I see this (C) https://github.com/jeelabs/esp-link/blob/v2.2.3/mqtt/mqtt_msg.h
Copyright (c) 2014, Stephen Robinson
but only referring the outgoing calls (ESP-link -> MQTT-Server) No (C) in the serial parsers.
--- edit --- https://github.com/jeelabs/esp-link/blob/v2.2.3/mqtt/mqtt.c
* Protocol: http://docs.oasis-open.org/mqtt/mqtt/v3.1.1/os/mqtt-v3.1.1-os.html
* Copyright (c) 2014-2015, Tuan PM <tuanpm at live dot com>
* Modified by Thorsten von Eicken to make it fully callback based
OK ? - I found the correct standard aka haystack and just heve to look for the needle...
https://github.com/jeelabs/esp-link/blob/v2.2.3/mqtt/mqtt_cmd.c contains some checks can't identify the current point of failure, but keep them in the log as relevant details for the whole picture:
105: if (cmdGetArgc(&req) != 5) return;
So the cmd-len param has always to be 5, no need to implement variations on that
113: if (len > 128) return; /
max size of topic + data + decoration, we may match this limit at the client size
120: uint8_t *data = (uint8_t*)os_zalloc(len+1); .... if (!data)
may I refer to that as 'out of memory error'
my ESP-link keeps sending mqtt state messages like
esp-link {"rssi":-56, "heap_free":20384}
So I can't see a reason why we can' allocate 128 bytes in 20 k ram yet.

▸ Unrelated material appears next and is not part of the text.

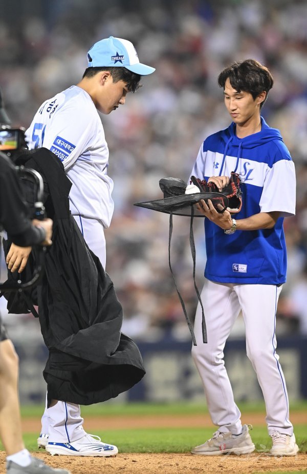 16일 서울 잠실야구장에서 열린 ‘2022 KBO 올스타전’ 드림 올스타와 나눔 올스타의 경기에서 6회초 드림올스타 이승현이 저승사자 복장으로 마운드에 오른 후 옷을 벗고 있다.
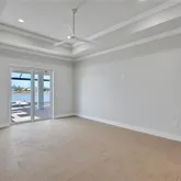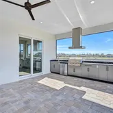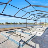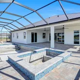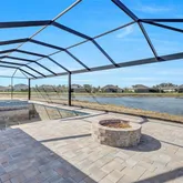 Panoramic screen enclosure for unobstructed lake views Saltwater pool & spa, Sun shelf with PebbleTec finish Outdoor kitchen with stainless grill, sink, and bar refrigerator Paver lanai, driveway, pool deck & front entry Upgraded landscaping & full irrigation system on reclaimed waterStructural & Energy-Efficient Construction Impact-rated windows & PGT impact sliding glass doors PEX hot water lines insulated with Armor-Flex R-19 spray foam insulation over all living areas R-19 batt insulation in frame wall to garage R-8 exterior foam sheathing on living area exterior walls Batt insulation on all interior walls for sound control 26-gauge Galvalume metal 5V crimp roof installed over peel-and-stick underlayment (10-year workmanship warranty) Concrete block exterior walls with steel uprights + hurricane strapping 150 mph engineered roof truss package 4” concrete slab with fiber mesh poured over vapor barrier Termite treatment under slab

I see no premature returns after this last check and the succesful debug message.
We find repeated calls to cmdPopArg(
referring to some of the parameters displayed in the DBG("MQTT: MQTTCMD_Publish
Is there some backdoor error handler in the cmdPopArg that might override out flow of command?
Is there some backdoor error handler in the cmdPopArg that might override out flow of command?

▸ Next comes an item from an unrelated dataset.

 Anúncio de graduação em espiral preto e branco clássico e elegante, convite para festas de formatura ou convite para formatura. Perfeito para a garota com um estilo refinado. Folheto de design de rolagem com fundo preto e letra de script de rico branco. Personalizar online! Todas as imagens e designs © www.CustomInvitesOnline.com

// Copy next arg from request into the data pointer, returns 0 on success, -1 on error
https://github.com/jeelabs/esp-link/blob/fe4f565fe83f05e402cc8d8ca3ceefbc39692a1f/cmd/cmd.h#L120
https://github.com/jeelabs/esp-link/blob/fe4f565fe83f05e402cc8d8ca3ceefbc39692a1f/cmd/cmd.c#L159
I don't see such backdoor.
There is a os_memcpy
but I suppose this cannot fail on allocated buffers.

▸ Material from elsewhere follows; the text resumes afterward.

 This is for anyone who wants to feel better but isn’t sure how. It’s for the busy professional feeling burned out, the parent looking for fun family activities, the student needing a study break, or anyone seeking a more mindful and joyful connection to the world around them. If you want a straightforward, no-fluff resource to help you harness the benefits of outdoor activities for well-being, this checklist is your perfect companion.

It just returns 0 (success) or -1 (not enough args?? ) , so has to be checked by the caller
https://github.com/jeelabs/el-client
A prelimenary documentation for the library is available on ELClient API Doc.
404: Page not found The way back machine just shows an empty frame.
It refers to doygen. So the docu lives in here? https://github.com/jeelabs/el-client/blob/master/ELClient/ELClientMqtt.cpp
hm... a first glance tells me that is a layer beyond what I'm looking for. I don't want to call those C-functions, but mimic their behaviour (maybe a tiny subset thereof)
@tve I think this were right what I try to reinvent here. Are you aware of any other copy of this prelim API? Maybe somewhere on your personal storage?
OK - hope disappointed - back to track.
who is printing E:M ? github says:
We couldn’t find any code matching 'E:M' in jeelabs/esp-link
who is calling MQTTCMD_Publish ? https://github.com/jeelabs/esp-link/blob/fe4f565fe83f05e402cc8d8ca3ceefbc39692a1f/cmd/handlers.c#L74
in Version 2.2.3 this line sits at 41: - 33 lines less Looks like a major rewrite. Does this relate to my question? Is it OK to continue my work on stable V2.2.3 ?
Thorsten, @tve could you please provide a quick answer on that?
'==============
this is a // Command dispatch table
.
So, who is processing that?
line 76: (in v2.2.3) : cmdGetCbByName(char* name)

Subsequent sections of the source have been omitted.